Della ingin menunggu tepat di seberang pintu. Sehingga sosok dirinya yang pertama kali akan dilihat Antonio saat keluar dari suite-nya.

Sayangnya, keinginannya itu hanya berakhir sebagai khayalan. Antonio sudah keluar dari suite-nya bersamaan dengan Della yang tengah mengunci pintu. Tetapi kekecewaan Della tidak bertahan lama saat ia melihat Antonio yang juga memilih warna biru dongker untuk setelan jasnya.

"Kalau seperti ini, kita terlihat seperti pasangan, ya, Pak," ucap Della sambil berusaha menyembunyikan senyum.

Antonio mendebas. "Jangan mengatakan hal konyol," ujarnya lantas melirik sekilas.

"Maaf, Pak." Della mengigit bibirnya sambil memutar otak untuk topik pembicaraan. "Tadi saya membaca beberapa artikel dari beberapa media yang memberitakan tentang peresmian hotel ini."

Antonio mengangguk, tanda ia menyimak.

"Semuanya bernada positif."

"Kau sendiri bagaimana?" tanya Antonio saat mereka sudah berada di dalam lift. "Apa ada yang perlu diperbaiki dari suite itu?"

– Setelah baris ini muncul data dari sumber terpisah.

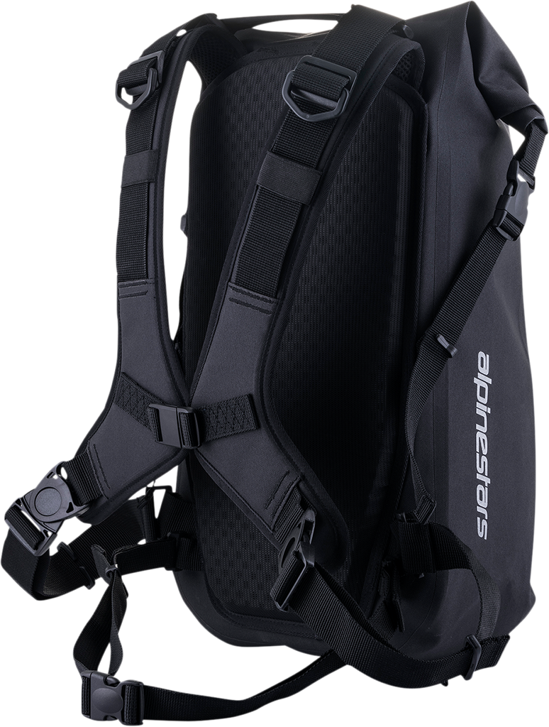 100% Waterproof seam sealed construction with roll-top upper closure for ease of use and side buckles to keep the pack compact when closed, Shoulder strap engineered specifically for motorcycling use, with magnetic central connection for ease of use, Semi-rigid foam back wall construction for rider comfort, Stable harness with adjustable torso length can be operated by one hand for ease of use, Quick-release magnetic center buckle and lower strap release buckles for easy on and off, Removable waist belt for an optimized fit, Waterproof slider zipper for wet weather performance, Single external waterproof pocket for secure storage of valuables, Internal padded laptop pocket, Black matte finish with high-visibility silver reflective branding
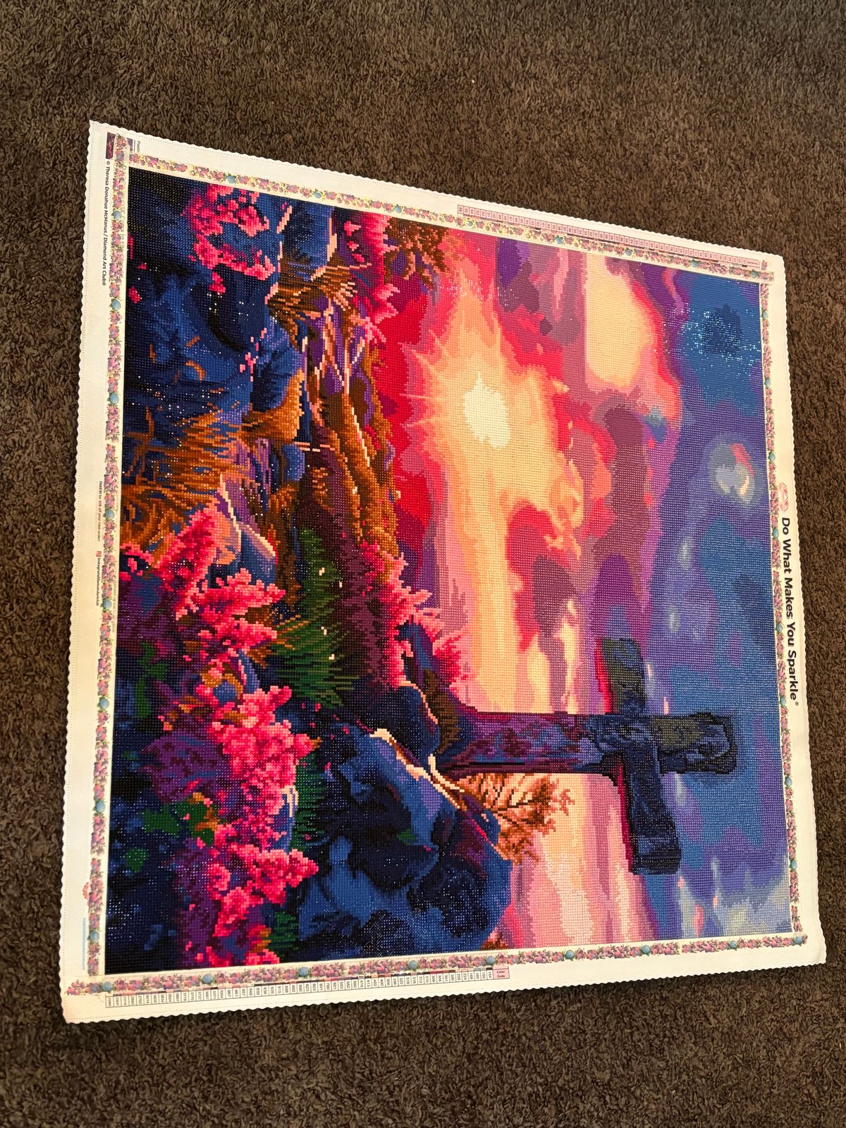 Working on Cross in the Clouds was a truly calming and meaningful experience. The design is beautifully composed with soft ethereal clouds surrounding a radiant cross that seems to go with divine light. The color palette is soothing, gentle hues of purples and pinks that create a peaceful and heavenly atmosphere. The diamond placement was smooth and satisfying, and the final result sparkles beautifully under light.
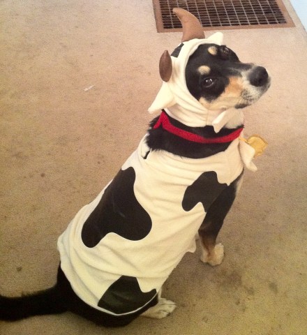 A cow? Really, Sarah? We aren’t even in Wisconsin! This is totally humoooliating. Posted by choppythedog
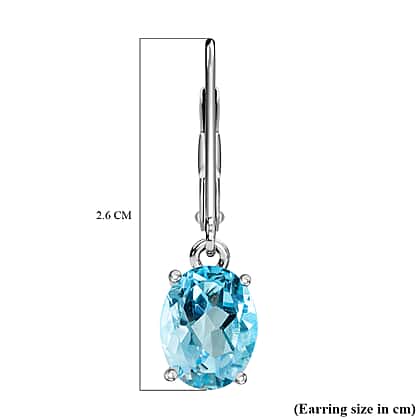 D'Joy Sky Blue Topaz Lever Back Earrings Rhodium in Sterling Silver 4.00 Ct.
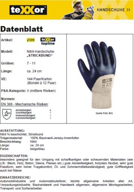 AUSSTATTUNG: Nitril ¾ beschichtet, Strickbund
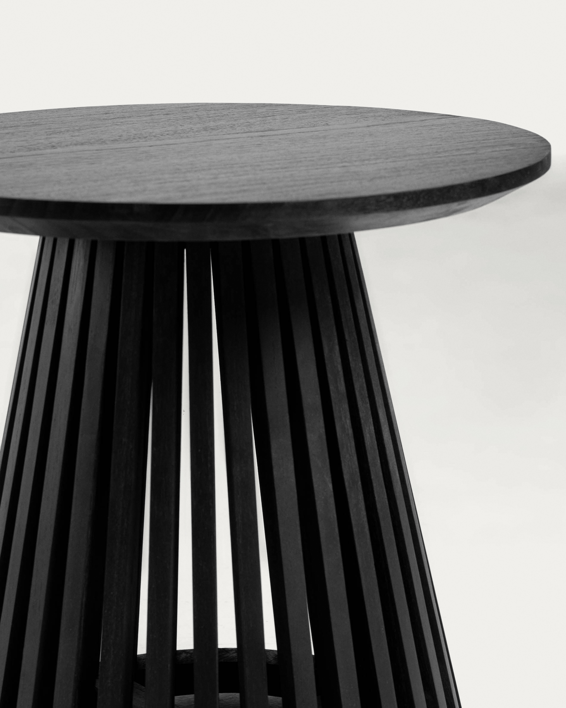 Столик состоит из круглой столешницы диаметром 50 см и конусной опоры с реечной структурой. Материал изготовления - тиковое дерево в натуральной отделке. Древесина отличается высокой прочностью и долговечностью, она выдерживает интенсивную эксплуатацию при соблюдении рекомендаций по уходу.

"Menurut saya, semuanya sempurna, Pak. Cuma rasanya terlalu luas karena ditempati sendirian."

Pintu lift yang bergeser terbuka mengakhiri pembicaraan mereka.

Della berjalan satu langkah di sisi Antonio. Berdua mereka menyusuri koridor yang mengarah langsung ke tempat acara. Hingga tiba-tiba Della terkesiap dan menghilangkan jarak dengan bosnya itu.

"Oh, astaga. Ini kita di dalam laut, Pak?" bisik Della takjub saat bahu mereka bersinggungan.

"Secara teknis, iya," jelas Antonio. "Padahal sebenarnya ini sama seperti akuarium raksasa di tempat wisata."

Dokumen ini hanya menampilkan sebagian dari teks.